Duration: 100 hours
A four week full time program that gives the student a real- world perspective on the world of hospitality cost control. This introductory course includes tips, checklists, industry lists and “do’s and don’ts” and useful ideas for managing the profit of the business through effective cost control.
Text:
Planning & Control of Food & Beverage Operations
Jack D. Ninemeier
American Hotel and Lodging Educational Institute
The Control Function
Establishing standards for production, establishing measurements, comparing variances, takeing corrective actions and evaluating results.
Determining Food & Beverage Standards
Standard recipes, standard yields, standard portion sizes, recipe software and standard costs.
Budgeting and Profit Analysis
Single vs. multi-unit operations, reforecasting and cost-volume-profit analysis.
Menus as the Base of Control
Control points, selling prices, evaluating from internal and guest perspectives and menu engineering reports.
Purchasing & Receiving
Cross interests in job descriptions, keeping the door closed, selecting suppliers, purchasing for quality and quantity, purchasing for multi-unit businesses, documentation required.
Storing & Issuing
General procedures, security of goods, maintaining quality in storage, inventory methods, requisition methods and issue procedures.

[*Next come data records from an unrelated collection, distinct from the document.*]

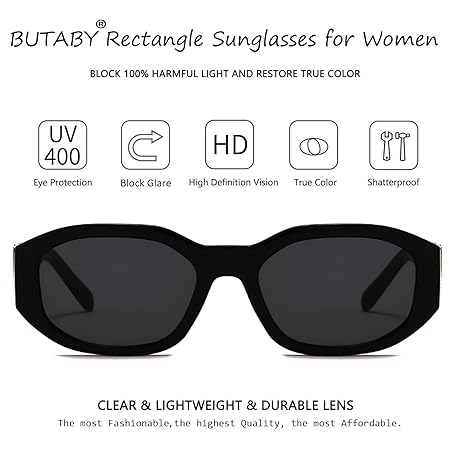 Thương hiệu BUTABY là cái tên nổi tiếng được rất nhiều khách hàng trên thế giới chọn lựa. Với kiểu dáng đẹp mắt, sang trọng, sản phẩm BUTABY Rectangle Sunglasses for Women Retro Driving Glasses 90’s Vintage Fashion Irregular Frame UV400 Protection là sự lựa chọn hoàn hảo nếu bạn đang tìm mua một món cho riêng mình.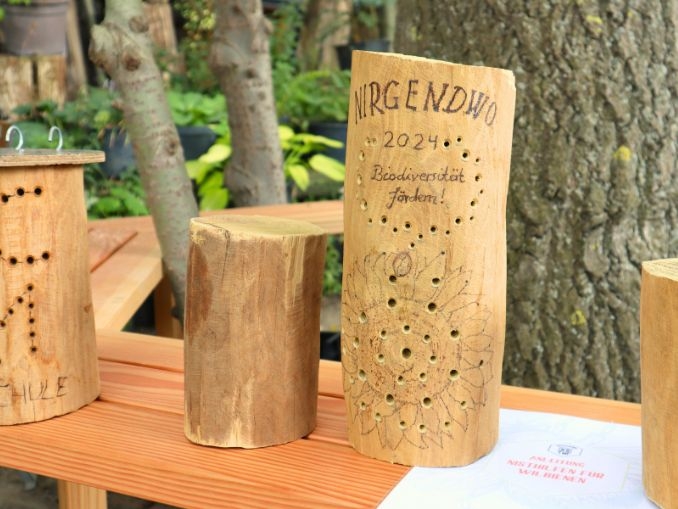 Naturnahe Strukturen in der Stadtnatur, wie z.B. abgestorbene Äste in Bäumen oder am Boden, finden sich im städtischen Grün selten. Dieses vermeintlich „tote Holz „ist jedoch äusserst wichtig für Kleinstlebewesen, Mikroorganismen und Insekten. Auch Wildbienen profitieren von dem Kreislauf des verwitternden Holzes in Bäumen oder am Boden. Da einige Wildbienenarten ihre Eier in „totem Holz“ ablegen, können wir die Artenvielfalt fördern und unterstützen, indem wir für Wildbienen Totholz bereitstellen und dieses vorab mit Bohrlöchern versehen.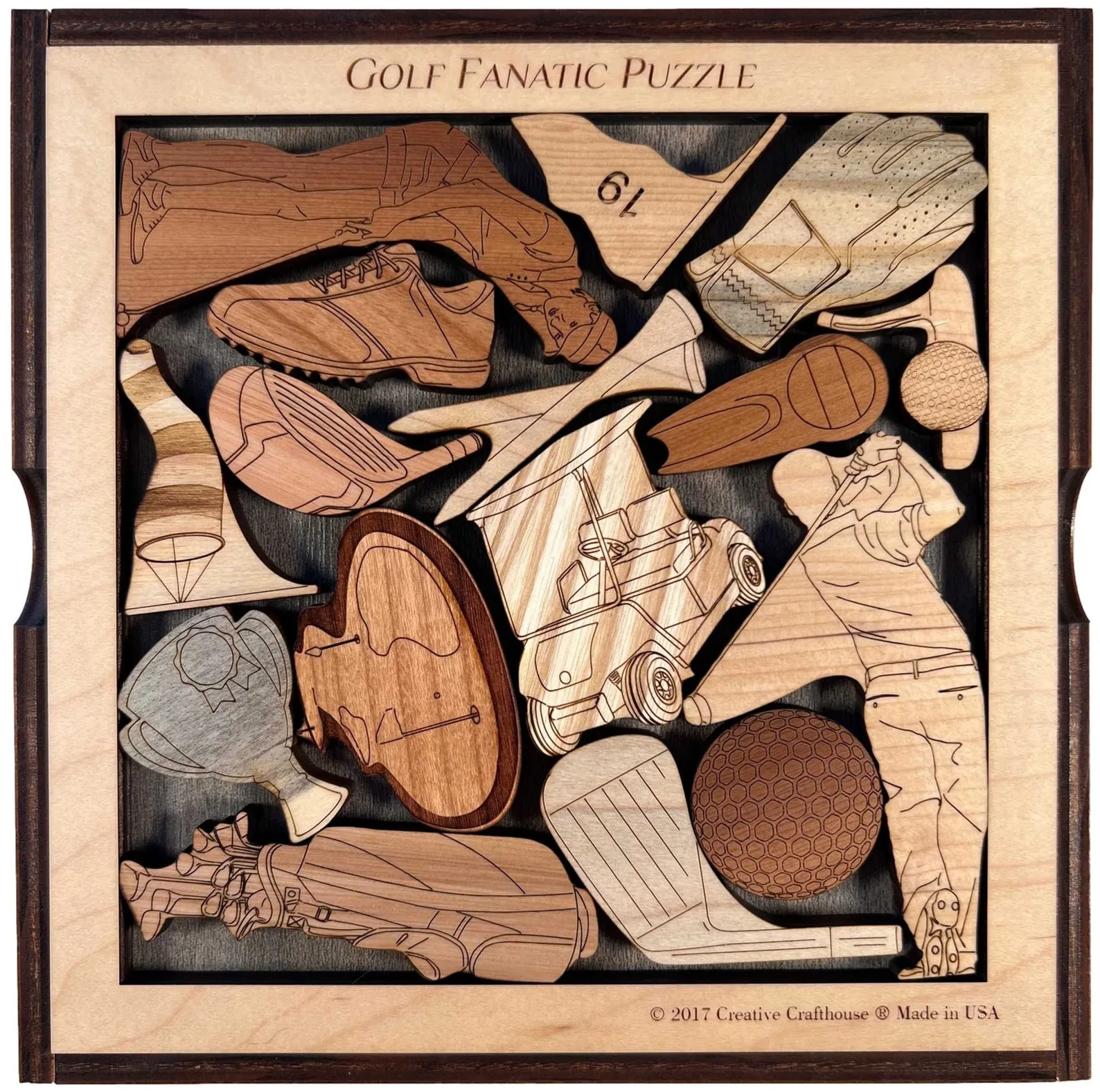 Golf Fanatic Puzzle - Personalizable Gift for Your Favorite Golf Lover - 16 Piece Wood Brain Teaser

Production and Service Controls
Proper volume forecasting for covers, labour and foodstuffs, service personnel access, technology and its influence.
Revenue Controls, Theft & Losses, Labour Cost Controls
Record keeping and cheque controls, inventory access and spot controls, scheduling to production demands on a weekly basis.
Upon successful completion of the exams, you will earn a Certificate from the American Hotel and Lodging Educational Institute.